It’s ironic that Ben Wheatley’s Rebecca, a story about a newly-married woman who struggles to survive in the shadow of her husband’s dead first wife, wrestles to venture out of its own shadowy territory of not one but two formidable predecessors. There’s the 1938 source novel by Daphne du Maurier, of course, and on a cinematic level, the 1940 adaptation by Alfred Hitchcock remains one of the acclaimed filmmaker’s most beloved works. Wheatley’s version is sure to be forgotten in the sands of time along with countless other remakes that never managed to justify their existence in the first place.

It’s not necessarily replication that’s the problem. To call this new Rebecca a sheer facsimile feels unfair, as the film certainly brings its own style and approach to the table. But it’s still just as flimsy, thin and flat as the paper you’d pass through a fax machine, with very little substance in terms of the message that’s actually received.
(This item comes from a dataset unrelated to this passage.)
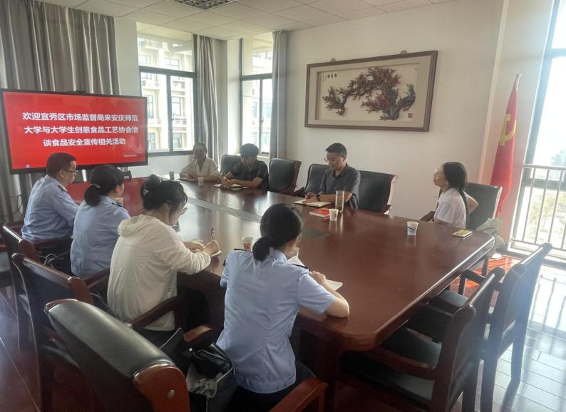 2024年9月6日上午,公司老员工创意食品工艺协会与宜秀区市场监督管理局就食品安全相关活动及长期合作进行洽谈,旨在通过合作提升员工食品安全意识,增强公众对食品安全的认知,共同构建坚固的食品安全防线。

In the end, it all just feels empty and hollow, despite solid performances by the leading cast, particularly Lily James as Mrs. de Winter and a deliciously dedicated camp show by supporting player Kristin Scott Thomas. Armie Hammer, as tortured husband Maxim de Winter, is merely along for the ride, giving the reliable turn one would expect from the actor yet never quite reaching the levels of thematic nuance he lent to films like Call Me By Your Name.

The most haunting aspect of this Rebecca is its tedium and dullness, and this arises mostly through how the film is presented. Wheatley’s filmography is well-versed in horror; in fact, most of his works would fit comfortable in the genre. But the horror he executes in films such as 2011’s Kill List and 2012’s Sightseers has little in common with the gothic atmosphere that is demanded from a story like this.

If anything feels like a copy, it’s not the plot, but rather the entire aesthetic style, as everything feels fabricated in a way that never feels authentic. One gets the sense of a filmmaker who is bored with his material rather than being entranced by it, which he should be, as this story is as richly textured and filled with opportunity as they come. So, as viewers, we can’t be blamed for simply following suit and feeding into the banality.

That’s not to say the film is without any ambition, as Rebecca has plenty to spare, but in the end Wheatley does nothing memorable that truly cements itself in the mind. Moments after the movie ends, don’t be surprised if you find it already floating away like debris in the wind. It has a heart, but it beats slowly and quietly, lulling us into a sense of calm monotony that never quite amounts to anything more than what it is — a Netflix remake that is sure to be just another flavor of the week.

One gets the sense of a filmmaker who is bored with his material rather than being entranced by it.